Adapting Older Properties

Relatively few co-living projects in China are newly built. Instead, they tend to be installed into older buildings such as underused office blocks, empty industrial facilities, or misconceived retail podiums that are master-leased by operators over eight to 20 years rather than being owned outright. This asset-light model keeps capital requirements low—a particularly serious issue in China, where property prices are often on a par with those in the West but rents are much lower. This business model dovetails with another emerging policy focus in China—the regeneration of inner-city areas that often feature many old or empty facilities that can be repurposed for socially beneficial uses.

The use of retrofitted stock means that many Chinese co-living rooms have odd dimensions. One foreign investor active in the sector compared the units to bowling alleys, given the need to fit many small, windowed living spaces into buildings with large floor plates.

Despite that, co-living in China is not cheap. One reason the sector has proven to be popular with major Chinese developers is that, unlike mass-market equivalents, co-living developments at least offer the chance to turn a profit. Belle notes that a 15-square-meter (162 sq ft) unit in Port Apartment’s Shanghai Zhang Hightech Park comes at a base price of Rmb4,500 (US$675) per month, with various add-ons adding perhaps another Rmb500 (US$70), making co-living rents higher per square foot than most privately owned rentals in the same area.

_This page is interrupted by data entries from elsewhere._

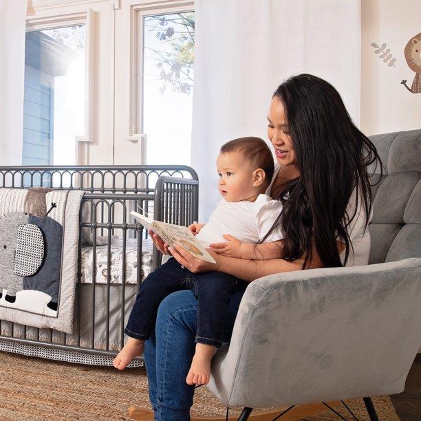 Baby Crib Check. Changing Table Check. Nursery Rocking Chair Wait, is a Nursery Rocking Chair really a necessary piece of nursery furniture We at Little Seeds certainly think that a nursery rocking chair is an integral part of any nursery as the to and from motion of rocking while feeding comforts and relaxes both you and your little one. Let the Little Seeds Raven Upholstered Nursery Rocking Chair soothe both you and your sweet baby in trendsetting style. Beautifully upholstered in easy to clean, durable faux velvet with square tufted detailing on the back seat, this sturdy rocker also features a large, contouring back with metal legs and a wooden base rocker. The Little Seeds Raven Upholstered Nursery Rocking Chair is certain to be a chic and cherished part of your special time with your precious little one. Little Seeds not only creates this and many more on trend baby and kids’ furniture pieces, we also partner with various environmental protection programs to protect pollinator and other wildlife habitats for future generations.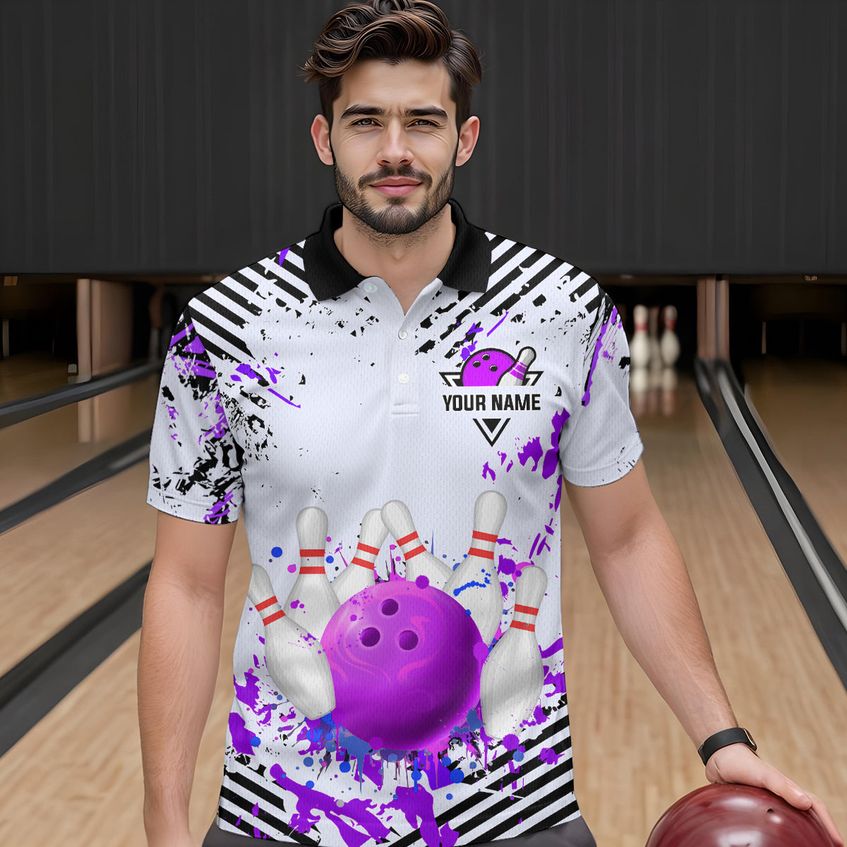 Purple Bowling Shirts Custom Watercolor Bowling Jersey for Men Women with Team Name MBL53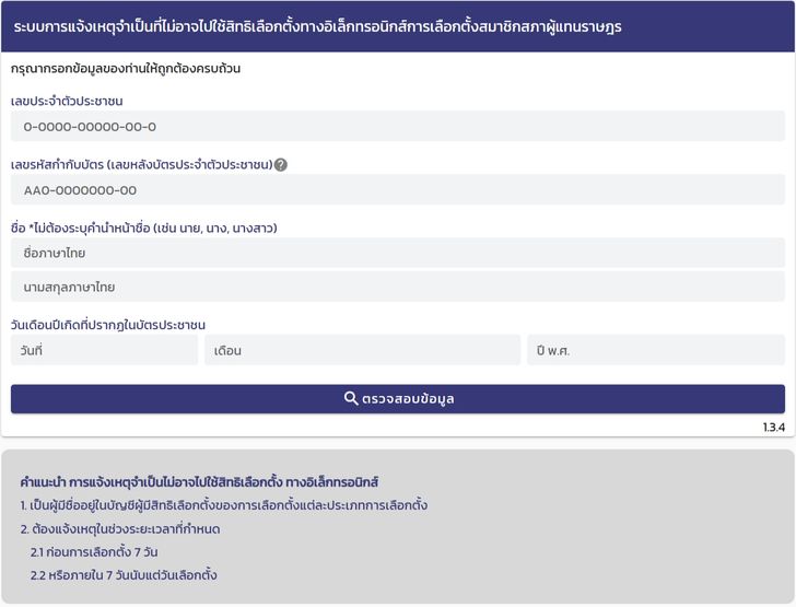 - ค้นหาบริการ "ตรวจสอบสิทธิเลือกตั้ง สส. และแจ้งเหตุไม่ไปใช้สิทธิ"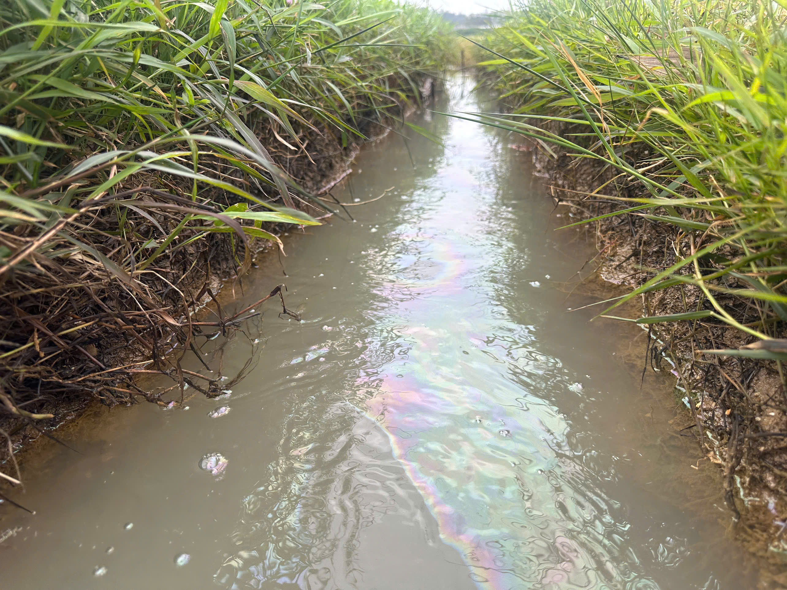 Dầu tràn ra mương nước trên đồng ruộng thôn Thuận Phước, xã Vạn Tường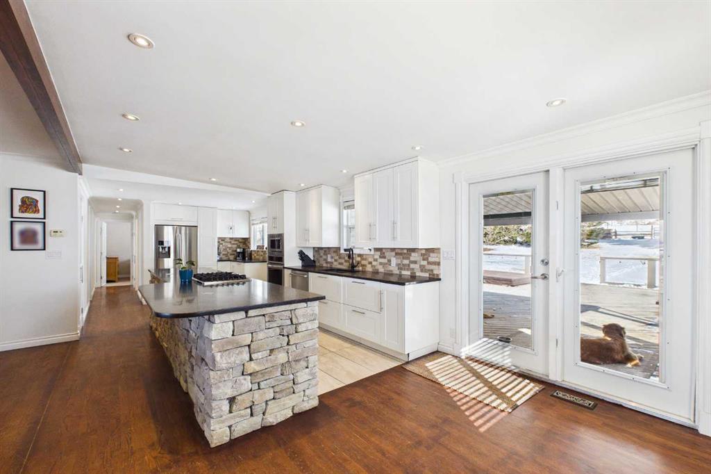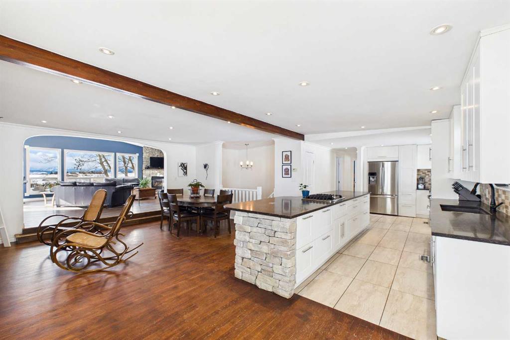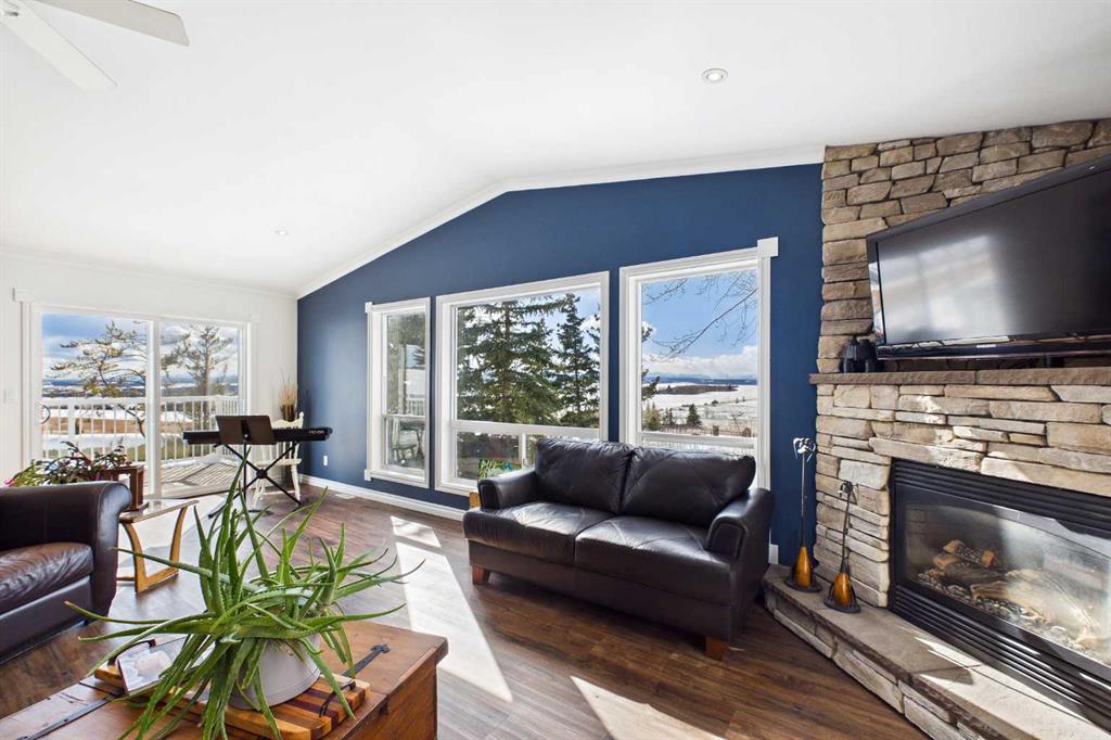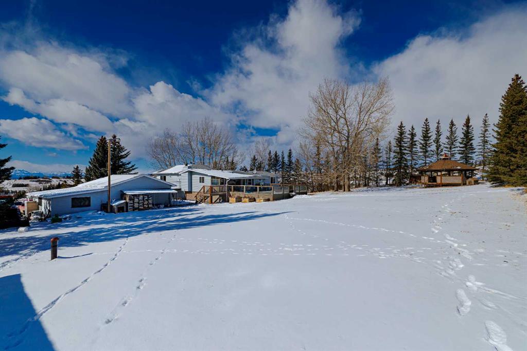 Welcome to an exceptional acreage opportunity offering space, privacy & breathtaking scenery.This beautifully renovated walkout bungalow sits on 8.06 picturesque acres & captures stunning, unobstructed mountain views right from every level of the home. Whether you’re looking for a peaceful country retreat, space for animals, or room for your family to grow, this property offers the perfect blend of comfort, functionality & rural charm. Inside, the home features 6 spacious bedrooms & a thoughtfully updated interior designed for modern living while embracing the warmth of country life. The kitchen speaks for itself with a massive island, quartz counters, tons of cabinetry, pantry & a coffee station area, This kitchen effortlessly blends highend modern utility with the rugged, organic textures of a mountain retreat. The open-concept design is defined by its crisp white cabinetry, dark stone surfaces, and a striking floor-to-ceiling fieldstone feature wall. All the bathrooms have been updated & in convenient locations. Large windows fill the home with natural light &perfectly frame the sweeping mountain views, creating a bright & inviting atmosphere throughout the main living areas. 3 cozy fireplaces bring ambience to every level of this home. 2 wood burning fireplaces and one natural gas fireplace. The layout offers both comfortable everyday living & plenty of space for entertaining family and friends. There are 3 decks to enjoy the outdoor life and views. The walk-out basement provides additional versatile living space with direct access to the outdoors, making it ideal for gatherings, extended family living, a recreation area, media room & a private retreat for guests. With multiple living spaces and generous bedroom sizes, the home offers flexibility to suit a variety of lifestyles. Step outside and experience the true beauty of acreage living. The 8.06-acre parcel offers wide open space, privacy & endless potential for outdoor enjoyment. The property has been home to cows, donkeys & chickens, making it well suited for hobby farming or those who appreciate the charm & rewards of rural life. There’s a 20x50ft garden area, gazebo and additional outbuildings. Imagine starting your mornings with coffee while watching the sunrise over the mountains & ending your evenings under expansive prairie skies. With incredible views, room for animals & a beautifully updated home already in place, this property offers a rare opportunity to enjoy the best of country living while still being within reach of nearby amenities. Acreage properties like this are increasingly hard to find offering the perfect combination of land, views & a move-in-ready home. Whether you’re dreaming of a hobby farm, a private family retreat, or simply more space to live and breathe, this remarkable property delivers a lifestyle that is truly special. Roof 15 years old, septic field/tank 2022, furnace 2023, H2O tank 2025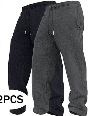 男性用 スウェットパンツ フリースパンツ ズボン カジュアルパンツ ストレートレッグスウェットパンツ ドローストリング 弾性ウエスト マルチパック 平織り 履き心地よい ウォーム 全長 アウトドア 日常 お出かけ ファッション エスニック ルーズフィット ブラック+ネイビーブルー ブラック+ライトグレー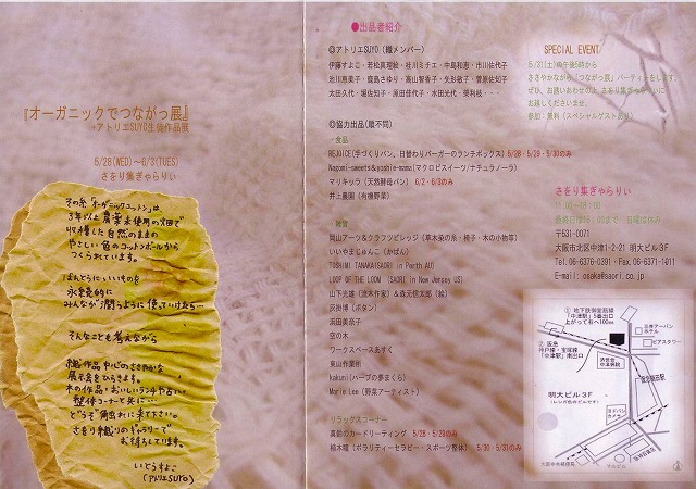 会場:さをり集ぎゃらりぃ(地下鉄御堂筋線「中津駅」5番出口を上がって右へ100m)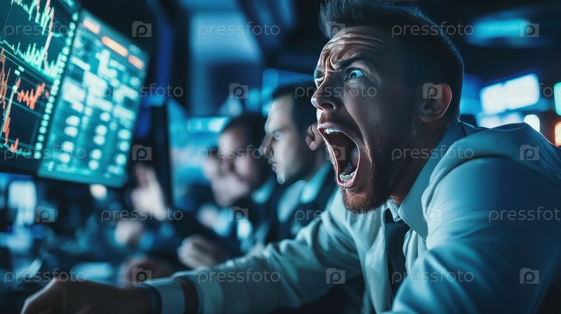 Группа профессионалов интенсивно анализирует финансовые данные в режиме реального времени на больших экранах, подчеркивая динамичный мир биржевой торговли и анализа рынка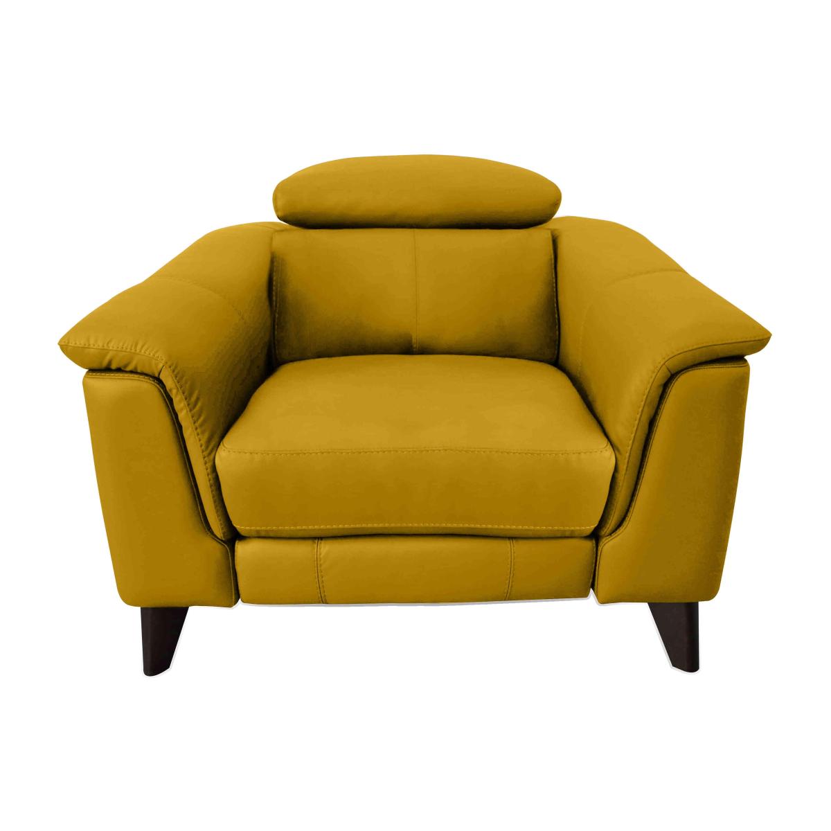 Our Wade range delivers power comfort that fits in any size of living room. With wall-away power recliners and adjustable headrests, the collection’s space-saving sofas and armchair help you find your perfect relaxed position – and sit neatly against a living room wall. And even when you’re not reclining, you’ll enjoy maximum comfort thanks to sprung seats, supportive cushioning and those wide, well-padded arms. Wade’s look is also very appealing, with a fashionable off-the-floor design and angled legs. Available in a huge choice of leather and fabric options, the collection also includes handy storage footstools. The fantastic-value Wade range is handmade and only at Furniture Village. Meet your new leather armchair. Designed to make a big impact in a smaller space, it has a wall-away power recliner, adjustable headrest and sprung seat. Handmade. Why you'll love it Laid-back style and comfort at a fantastic price. Power recliner and adjustable headrest for relaxation perfection. Seat and back suspension provide perfect support. 100% leather upholstery in a huge choice of finishes and colours. Space-saving wall-away design brings recliner comfort to even compact spaces. USB charging on power recliner. Also available without the power recliner. Handmade for Furniture Village. This leather power recliner chair is part of our Wade range. What you need to know Medium comfort level. Seat suspension: no-sag spring. Seat cushioning: foam, fibre and inner coil. Seat cushions are fixed. Back suspension: rubber webbing. Back cushioning: foam and fibre. Back cushions are fixed. Feet are removable. USB charging is only available with the power version of this chair. Please allow time for the recliner mechanism to ease. Minor gaps are necessary to ensure ease of motion and may be exaggerated depending on floor type. Leather has unique marks and characteristics with variance in colour and texture. Leather softens with use. Smoothing the tops of leather cushions prevents signs of visual comfort. Fixed seat and back cushions require smoothing and straightening regularly. To smooth and straighten fixed cushions, punch the back cushion’s top two corners and the seat cushion’s outer two corners, and pinch outwards. Please read our upholstery care guide for more advice.
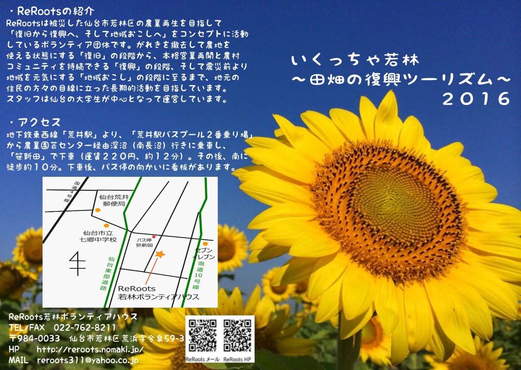 ReRootsは、東日本大震災による津波被災地の復旧から復興、更には地域おこしにむけて、仙台市若林区のボランティアハウスを拠点に活動する団体です。

With venture capital firms actively engaged in the market, the boom in China’s nascent co-living sector is unlikely to end soon. Many operators are moving upmarket, creating mid- to high-end products for an older and wealthier client base. Plans are in place to adapt the concept to cater to China’s growing population of senior citizens. Belle says, “If you look at the demographics, the next frontier is ultimately elderly singles—widows or those who can’t live with their children but perhaps get an allowance from them. I have been involved in master-planning concepts to create resort-like residences [for seniors] in the countryside, where land is cheaper and the environment better. They start at a younger age, when they are still mobile and want to live with their peers. Then when they age and need medical assistance, they are already in place.”